The Layerwise Shell Theory is used to model discretely stiffened laminated composite cylindrical shells for stress, vibration, pre-buckling and post-buckling analysis. The layerwise theory reduces a three-dimensional problem to a two-dimensional problem by expanding the three-dimensional displacement field as a function of a surface-wise two-dimensional displacement field and a one-dimensional interpolation through the shell thickness. Any required degree of accuracy can be obtained by an appropriate, independent selection of the one-dimensional interpolation functions through the thickness and the two-dimensional interpolation of the variables on the surface.

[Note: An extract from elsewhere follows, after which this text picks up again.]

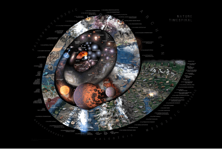 Clairement, beaucoup de choses se passent lors de cette dernière « minute cosmique ». La totalité de l’histoire humaine, en fait! La préhistoire, quant à elle, tient en gros dans les deux dernières heures. L’existence des mammifères tient dans la dernière semaine, alors que la vie a mis des mois à émerger. Ce qui ressort de tout cela, c’est une idée d’accélération globale de la complexité: le développement des organismes complexes fut beaucoup plus rapide que celui des organismes simples.

Using a layerwise format, discrete axial and circumferential stiffeners are modeled as two-dimensional beam elements. Similar displacement fields are prescribed for both the stiffener and shell elements. The contribution of the stiffeners to the membrane stretching, bending and twisting stiffnesses of the laminated shell is accounted for by forcing compatibility of strains and equilibrium of forces between the stiffeners and the shell skin. The layerwise theory is also used to model initial imperfections of the unstressed configuration. A finite element scheme of the layerwise model is developed and applied here to investigate the effect of imperfections on the response of laminated cylindrical shells.

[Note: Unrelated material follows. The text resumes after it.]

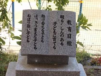 玄関の入ったところの教育目標、「明るくしんのある子どもに育てる」のあとに書かれている「助け合える子ども」を例に挙げ、

Using a finite element model of the layerwise theory for shells and shell stiffener elements, the accuracy and reliability of the elements is investigated through a wide variety of examples. The examples include laminated stiffened and unstiffened plates and shells and stand-alone beams under different types of external destabilizing loads. Finally, the study identifies the particular types of problems where the layerwise elements possess a clear advantage and superiority over the conventional equivalent single-layer models.